Figure 6CPU time versus database size. From the 5S rRNA family, a randomly picked 5S rRNA was used as the query to search a structure database obtained by folding the rest seed sequences in the family. The program was run 10 times, and the average running time of each time is shown as a circle in the graph.
Figure 7Multiple structure alignment and iterative database search. (A) Flowchart of multiple structure alignment and iterative database search.
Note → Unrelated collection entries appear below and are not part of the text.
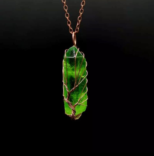 Collana Albero della Vita in Rame con Quarzo Verde Antico
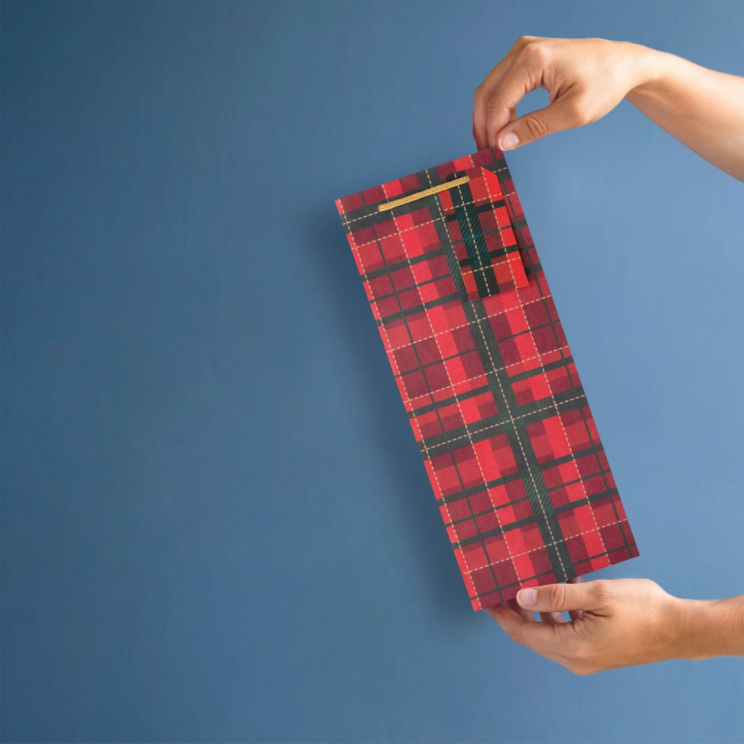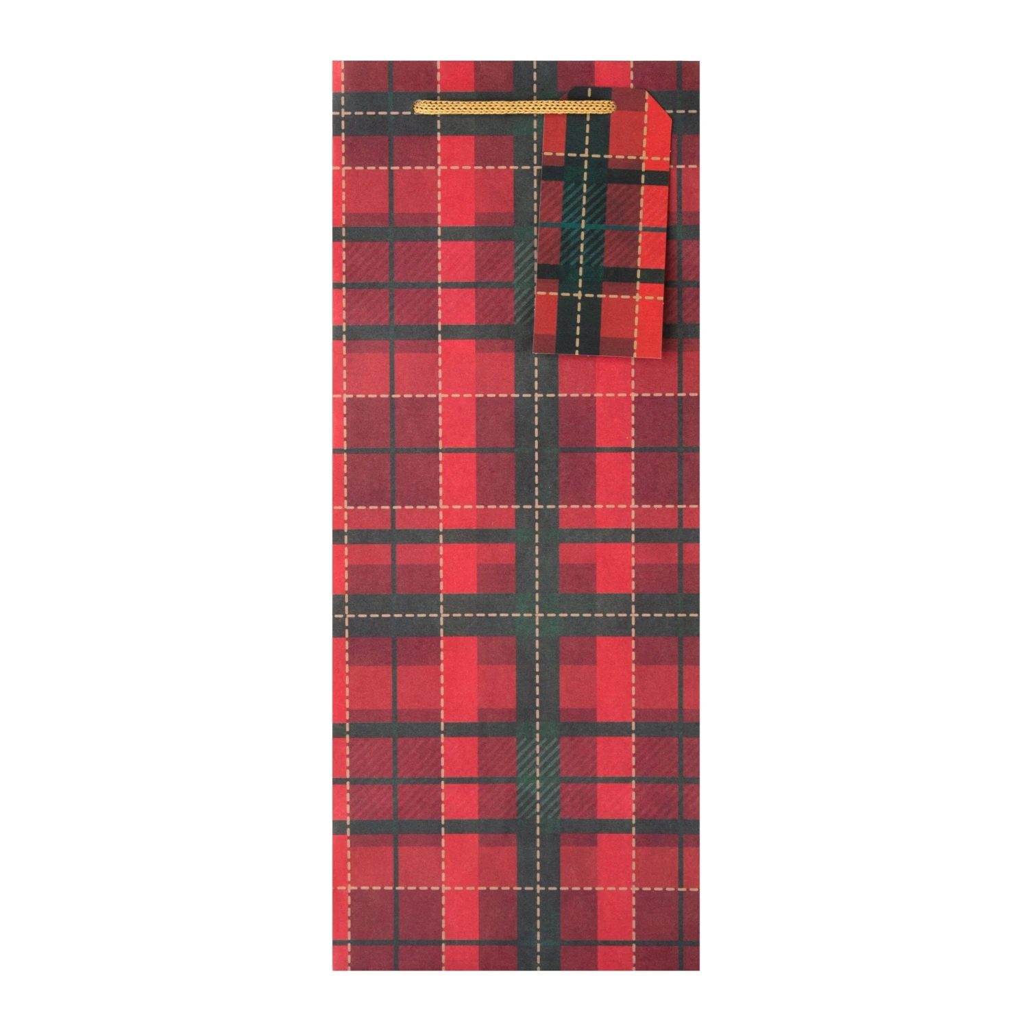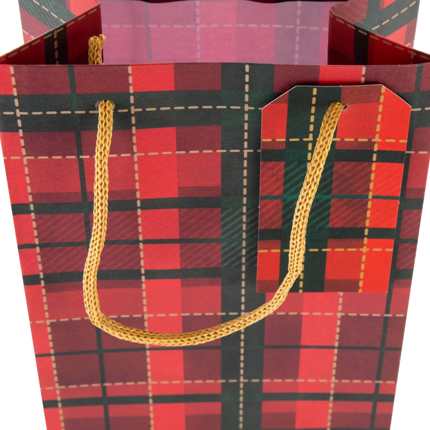 All bags feature a die cut shape and die cut gift tags, with a tartan design and gold knitted paper cord handles.
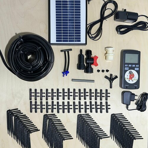 Автоматическая система для одновременного капельного полива на 60 растений. Система позволяет поливать одну, две или три грядки. Подходит как для теплиц, так и для огорода. Характеристики: управление системой- ручное, полуавтоматическое, автоматическое источник воды- любая ёмкость достаточного объёма источник питания-солнечная батарея количество растений для полива- до 60 защита от детей: чтобы случайно не сбили настройки контроллера, кнопки управления можно заблокировать. Контроллер с насосом питаются от аккумулятора на солнечной батарее. Подача воды происходит при помощи насоса, погружённого в ёмкость с водой (бочку). Набор включает в себя контроллер с дисплеем, через который осуществляется управление и настройка.
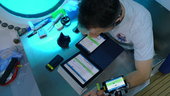 The main part of the equipment is the smartphone and camera on a 3D-printed wrist-band. mobiPV can display the procedure on a separate tablet to see more information. Here Matthias has connected a third device for testing – all three screens are synchronised.
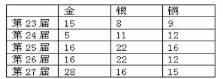 4. (8分)下表给出了我国运动员在第23届至第27届奥运会上获得奖牌情况,
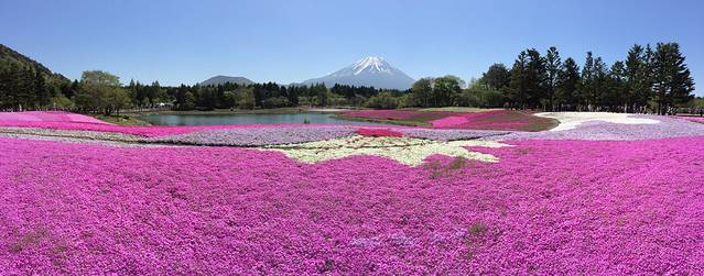 富士山脚下的本栖湖,每年四月底到五月底,都会举行富士芝樱祭,吸引了无数游人,可以说是关东地区的第二个赏樱高峰期。
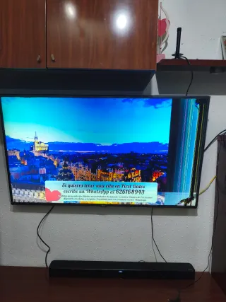 Vendo este televisor LG en muy buen estado + soporte de pared. Tiene una raya fina en el medio (no molesta para ver cualquier cosa pero se aprecia)
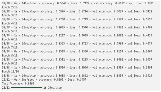 - The output returns two values: test loss and test accuracy. Test loss measures how well the model’s predictions match the actual values in the test dataset. Lower test loss indicates better performance. Test accuracy measures the percentage of correct predictions made by the model on the test dataset. Higher test accuracy indicates better performance. The training output is illustrated in Figure 4.
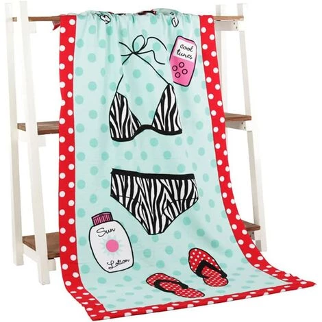 Serviette de plage imprimé fabriquée de bon microfibre, confortable et respirant, avec une bonne absorption d’eau, et séchage rapide, non décoloration, solide et durable.

Step (1a) accepts a query structure to start an iterative database search; step (1b) processes a small database for multiple structure alignment; step (2) derives a profile from the seed alignment; step (3) uses the profile to conduct search; and step (4) updates the profile with new alignment. (B) Multiple structure alignment of several IRE structures. (C) PSSM of the multiple alignment of IRE in (B). Each column in the PSSM corresponds to the position of a structure component, either single base or base pair. Position of a single base is represented by the nucleotide number and position of a base pair is represented by two nucleotide numbers connected by a dash. For each column, the scores of individual structure components in that position are listed in rows where "-" means not applicable.